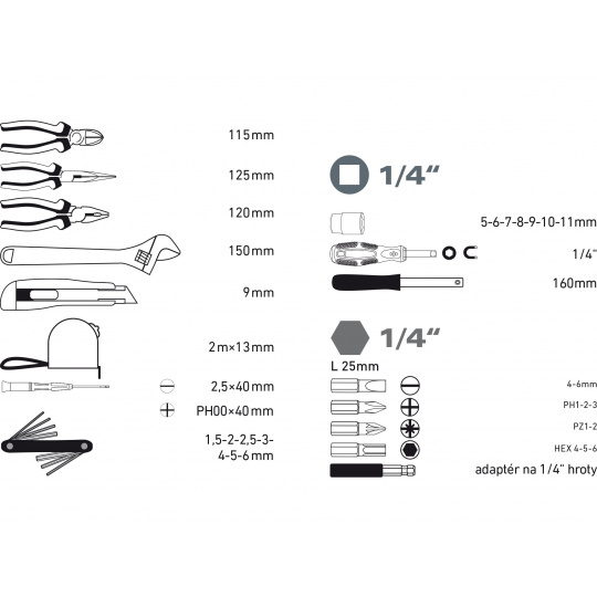 1/4"(L25mm): (-)4-6mm, PH1-2-3, PZ1-2, H4-5-6mm (CrV)
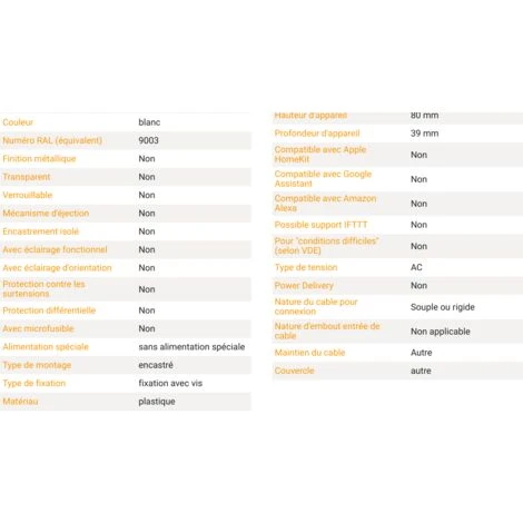- Format de prises: Simple
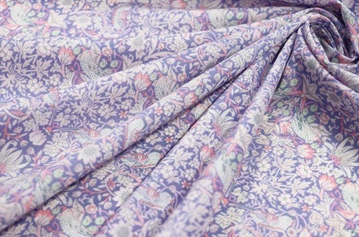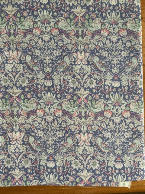 リバティのタナローン生地、Strawberry Thief &ストロベリー・シーフと言う布です。お色はオリエンタルパープル。実際のお色は写真3枚目が1番近いです。素材はコットン100%。サイズは108幅×150センチです。写真1枚目に映っているリバティのカットクロス(50×30センチ)をお付けします。どうぞよろしくお願いします。
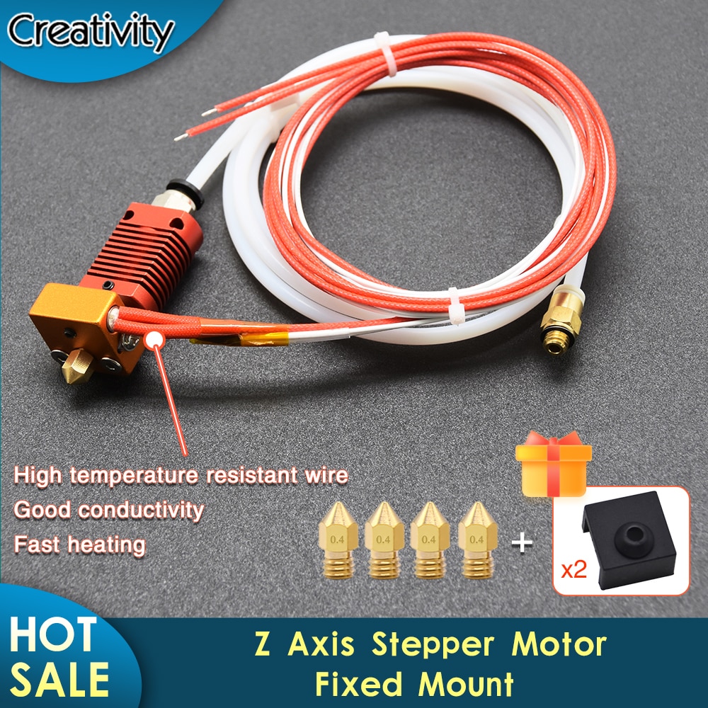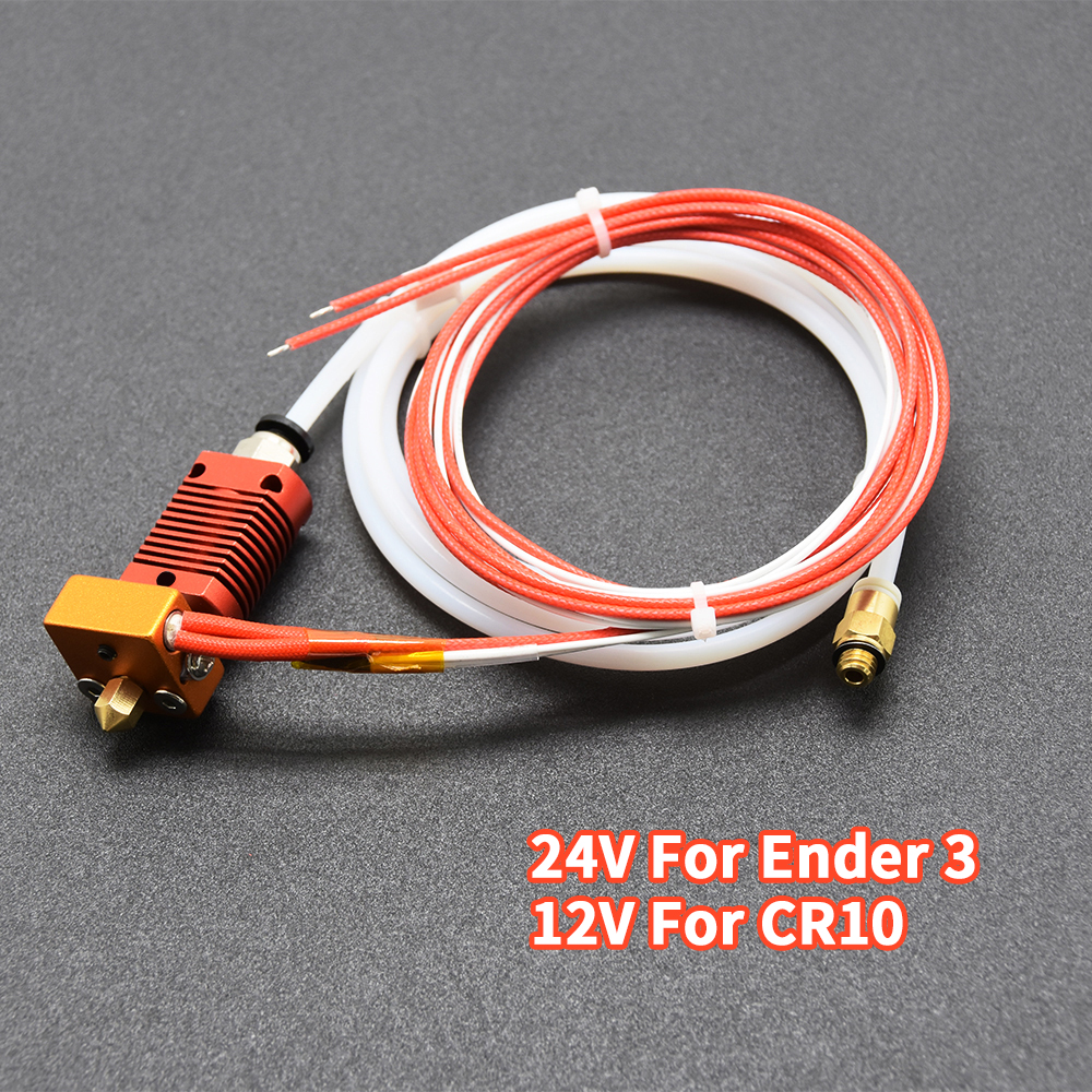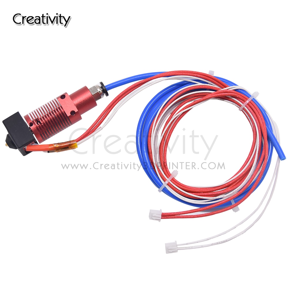 4. Комплект горячего конца экструдера MK8, белый провод-Термистор температуры, красный провод-нагревательная трубка.
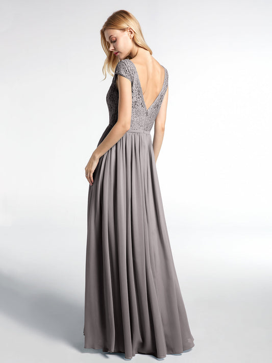 Babaroni LaraineVestido maxi con cuerpo de encaje y falda de chiffon con escote en V Plata
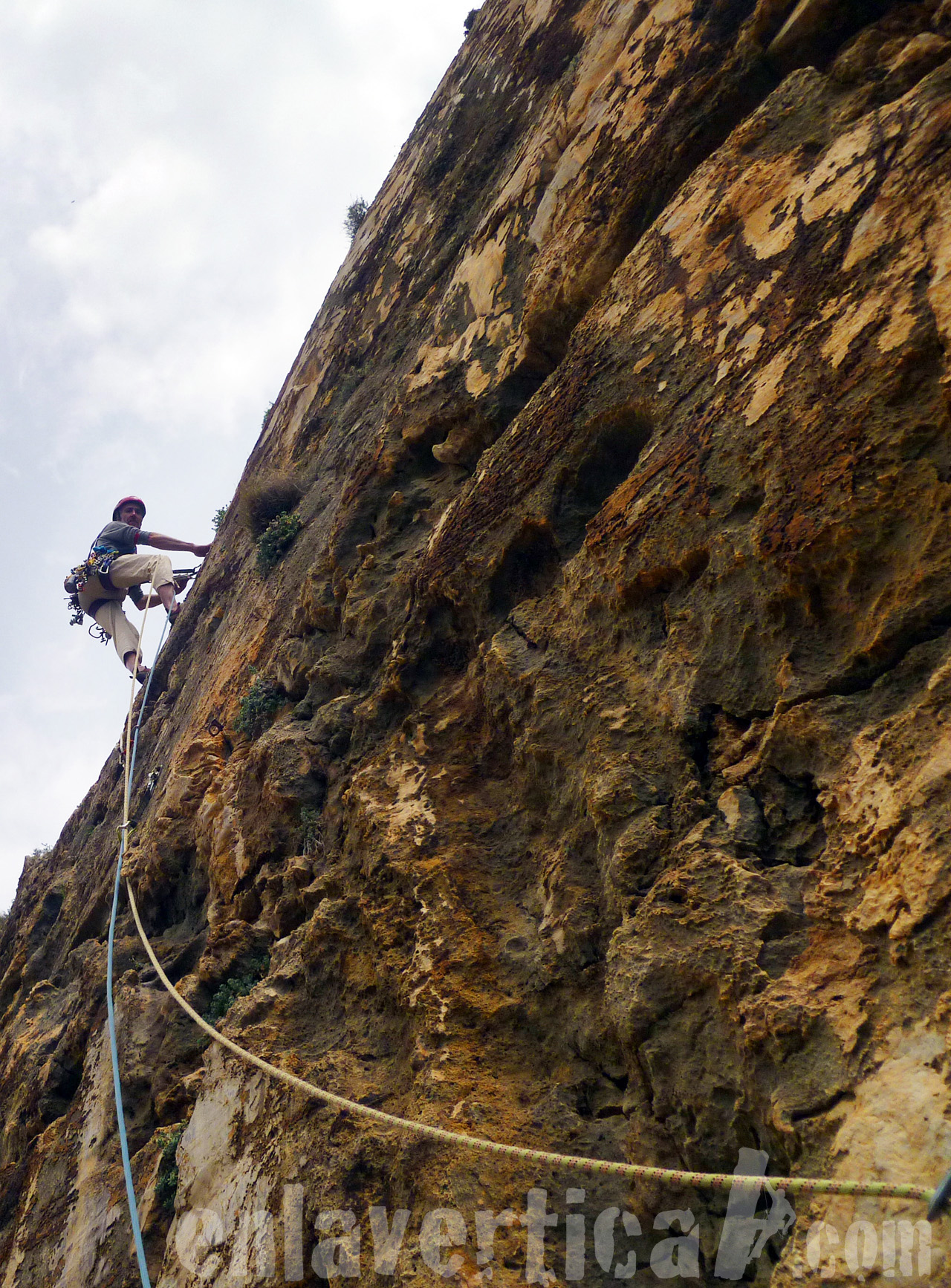 A Javi le toca la placa del último largo, donde la roca cambia radicalmente.
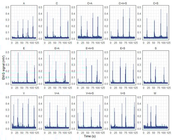 Characteristic EMG curves for each sample obtained from a single expert after filtration, normalization and signal integration. (A—AMP, C—caffeine, E—epigallocatechin gallate, S—saliva substitute, V—vanillin, W—water).
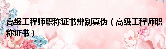高级工程师职称证书辨别真伪(高级工程师职称证书)
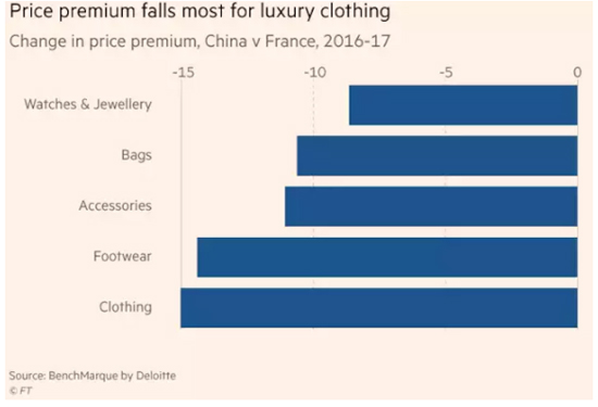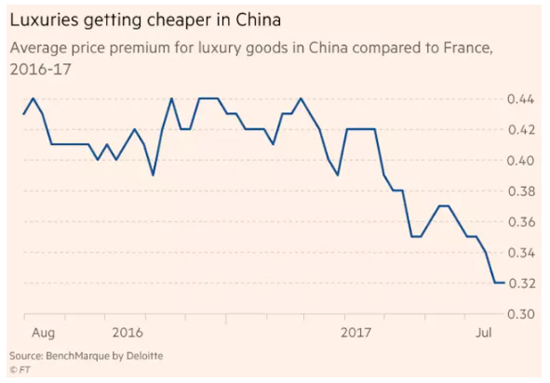 2016 年至 2017 年奢侈品在中国的溢价变化,图片来自《金融时报》
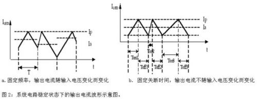 從電感的計算公式可以看出這兩者之間的差異性,圖1a中的電感計算式為L = (Vin–Vo) * Ton /ΔI ,圖1b中的電感計算式為L=Vo*Toff/ΔI。Io=Ip-ΔI /2。如圖2所示電流波形示意圖,電感確定后,圖2a中輸入電壓Vin變化導(dǎo)致紋波電流ΔI變化,以致輸出電流變化;圖2b中的紋波電流ΔI與輸入電源電壓無關(guān)。因此在電壓波動較大的寬電壓應(yīng)用環(huán)境下,使用恒定關(guān)斷時間電路方式。
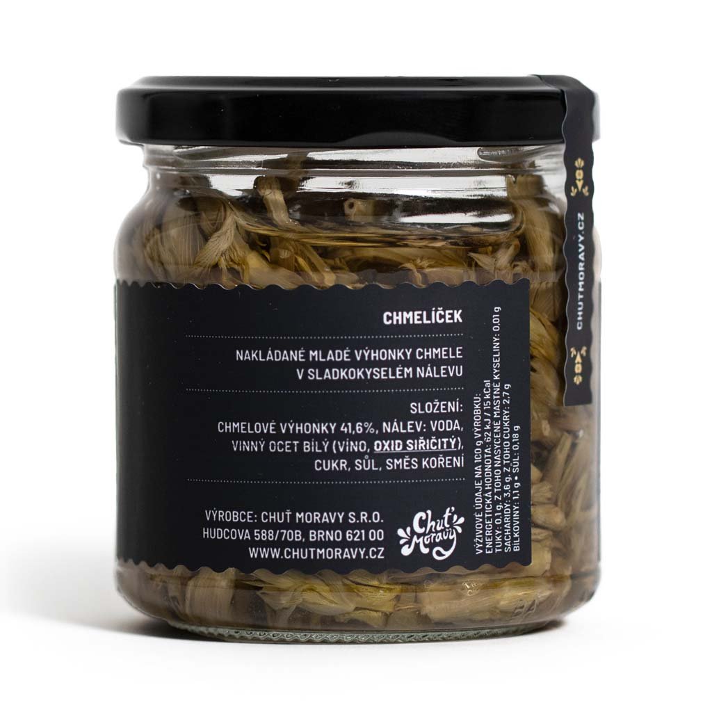 Chmelíček je ručně vyráběná delikatesa z mladých výhonků chmele. Ty trháme na jaře ihned, jak vyraší ze země, a nakládáme je do výborného sladkokyselého, jemně kořeněného nálevu. Tato stará, zapomenutá receptura byla oblíbená u našich předků již v 17. století. Chmelíček vás překvapí svou lahodnou chutí s jemným hořkým nádechem chmele. Vyzkoušejte, jaké to je „nachmelit se" bez následné kocoviny. :)
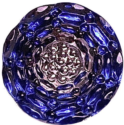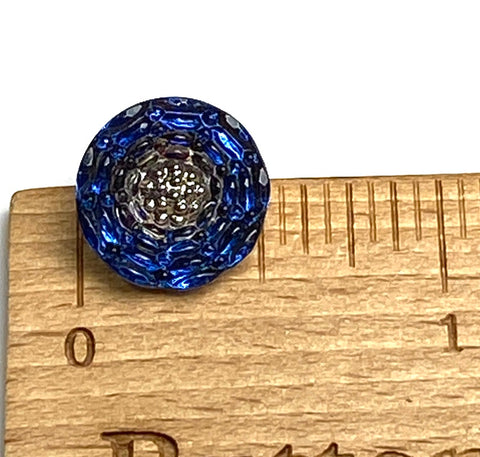 Indigo that may turn grayish blue, purply-black and/or almost black depending on the light, with shiny silver center. Sparkly, 9/16", so a bit larger than 1/2" in diameter and about 1/4" deep with the shank. Shank has 4 tiny holes. Fabulous Czech glass artisan button. Sold per button.
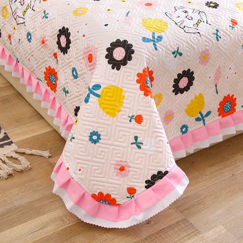 【三层复合】全棉夹棉绗缝床盖三件套【全棉/小花猫】
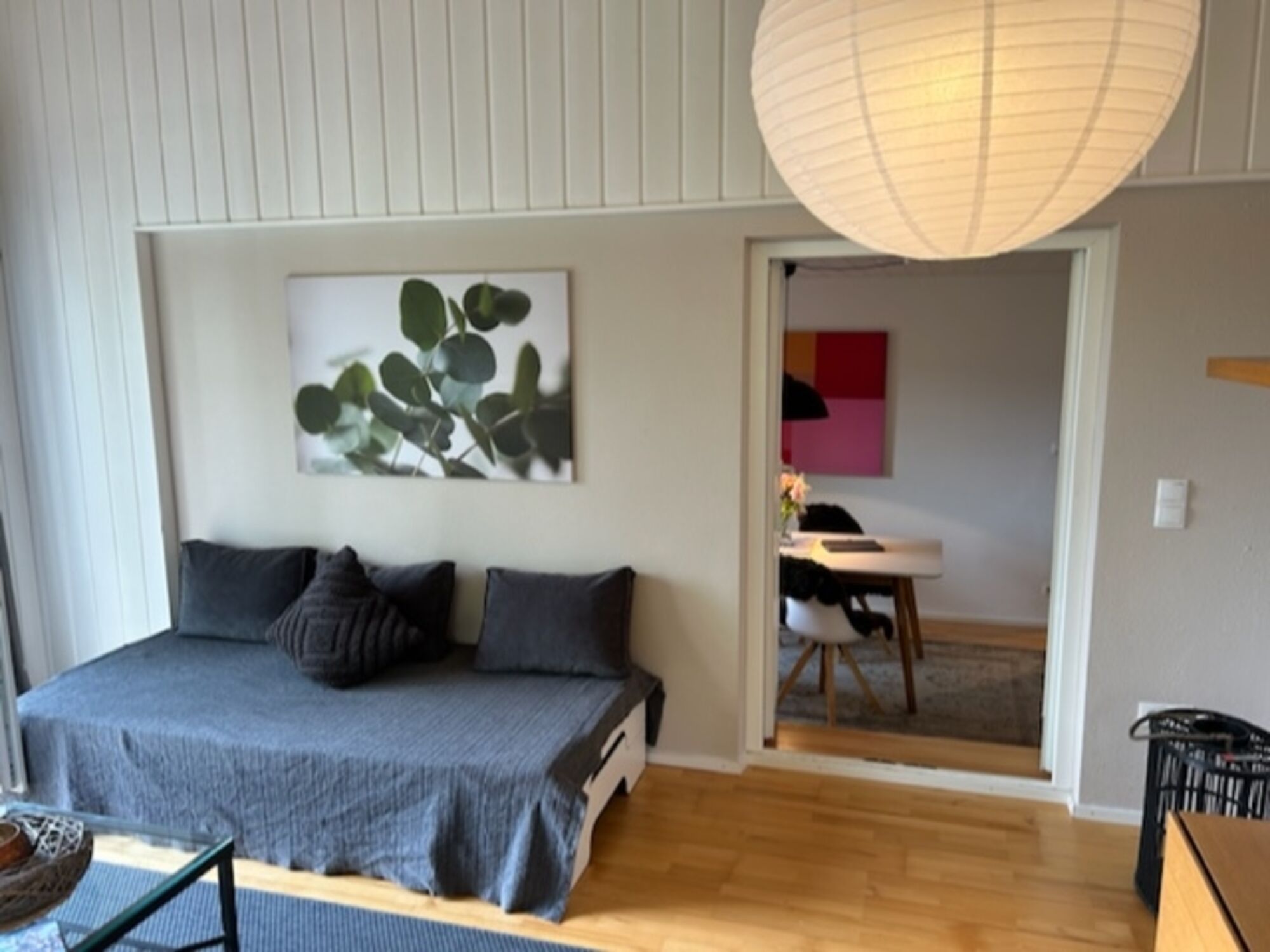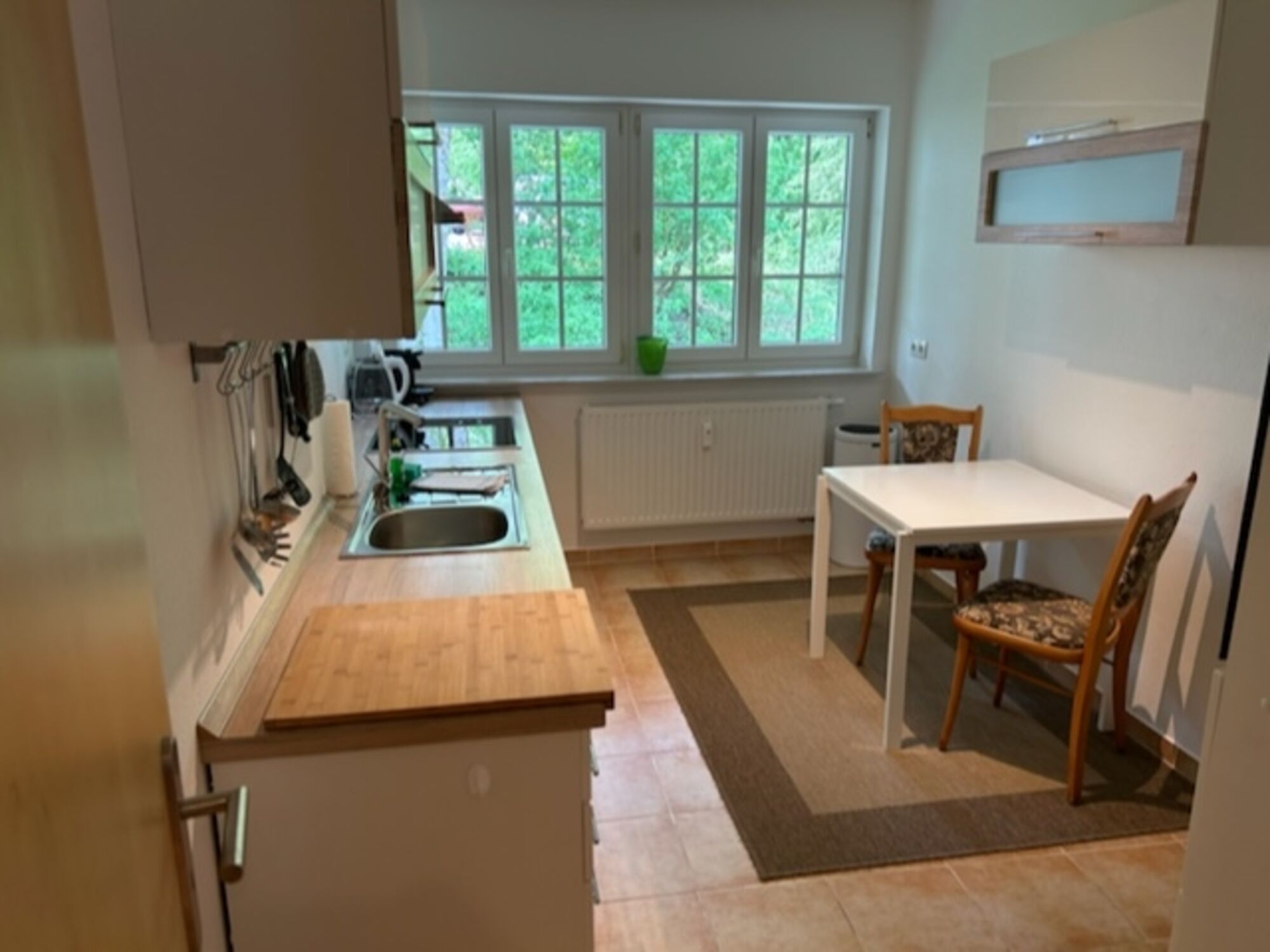 Die Wohnung ist aufgeteilt in ein Wohnzimmer mit TV mit Internetschluß und Zugang zur großen Terrasse. Über 3 Stufen gelangt man ins Esszimmer, Küche, Flur, Schlafzimmer und Badezimmer. Alle Räume sind hell und lichtdurchflutet. Die 3. und 4. Person übernachtet im Wohnzimmer auf den Schlafcouchen.

Exercise: Return every line of the listing exactly, leaving its pictures behind.

Exercise response:
 1/4"(L25mm): (-)4-6mm, PH1-2-3, PZ1-2, H4-5-6mm (CrV)
- Format de prises: Simple
 リバティのタナローン生地、Strawberry Thief &ストロベリー・シーフと言う布です。お色はオリエンタルパープル。実際のお色は写真3枚目が1番近いです。素材はコットン100%。サイズは108幅×150センチです。写真1枚目に映っているリバティのカットクロス(50×30センチ)をお付けします。どうぞよろしくお願いします。
 4. Комплект горячего конца экструдера MK8, белый провод-Термистор температуры, красный провод-нагревательная трубка.
 Babaroni LaraineVestido maxi con cuerpo de encaje y falda de chiffon con escote en V Plata
 A Javi le toca la placa del último largo, donde la roca cambia radicalmente.
 Characteristic EMG curves for each sample obtained from a single expert after filtration, normalization and signal integration. (A—AMP, C—caffeine, E—epigallocatechin gallate, S—saliva substitute, V—vanillin, W—water).
高级工程师职称证书辨别真伪(高级工程师职称证书)
 2016 年至 2017 年奢侈品在中国的溢价变化,图片来自《金融时报》
 從電感的計算公式可以看出這兩者之間的差異性,圖1a中的電感計算式為L = (Vin–Vo) * Ton /ΔI ,圖1b中的電感計算式為L=Vo*Toff/ΔI。Io=Ip-ΔI /2。如圖2所示電流波形示意圖,電感確定后,圖2a中輸入電壓Vin變化導(dǎo)致紋波電流ΔI變化,以致輸出電流變化;圖2b中的紋波電流ΔI與輸入電源電壓無關(guān)。因此在電壓波動較大的寬電壓應(yīng)用環(huán)境下,使用恒定關(guān)斷時間電路方式。
 Chmelíček je ručně vyráběná delikatesa z mladých výhonků chmele. Ty trháme na jaře ihned, jak vyraší ze země, a nakládáme je do výborného sladkokyselého, jemně kořeněného nálevu. Tato stará, zapomenutá receptura byla oblíbená u našich předků již v 17. století. Chmelíček vás překvapí svou lahodnou chutí s jemným hořkým nádechem chmele. Vyzkoušejte, jaké to je „nachmelit se" bez následné kocoviny. :)
 Indigo that may turn grayish blue, purply-black and/or almost black depending on the light, with shiny silver center. Sparkly, 9/16", so a bit larger than 1/2" in diameter and about 1/4" deep with the shank. Shank has 4 tiny holes. Fabulous Czech glass artisan button. Sold per button.
 【三层复合】全棉夹棉绗缝床盖三件套【全棉/小花猫】
 Die Wohnung ist aufgeteilt in ein Wohnzimmer mit TV mit Internetschluß und Zugang zur großen Terrasse. Über 3 Stufen gelangt man ins Esszimmer, Küche, Flur, Schlafzimmer und Badezimmer. Alle Räume sind hell und lichtdurchflutet. Die 3. und 4. Person übernachtet im Wohnzimmer auf den Schlafcouchen.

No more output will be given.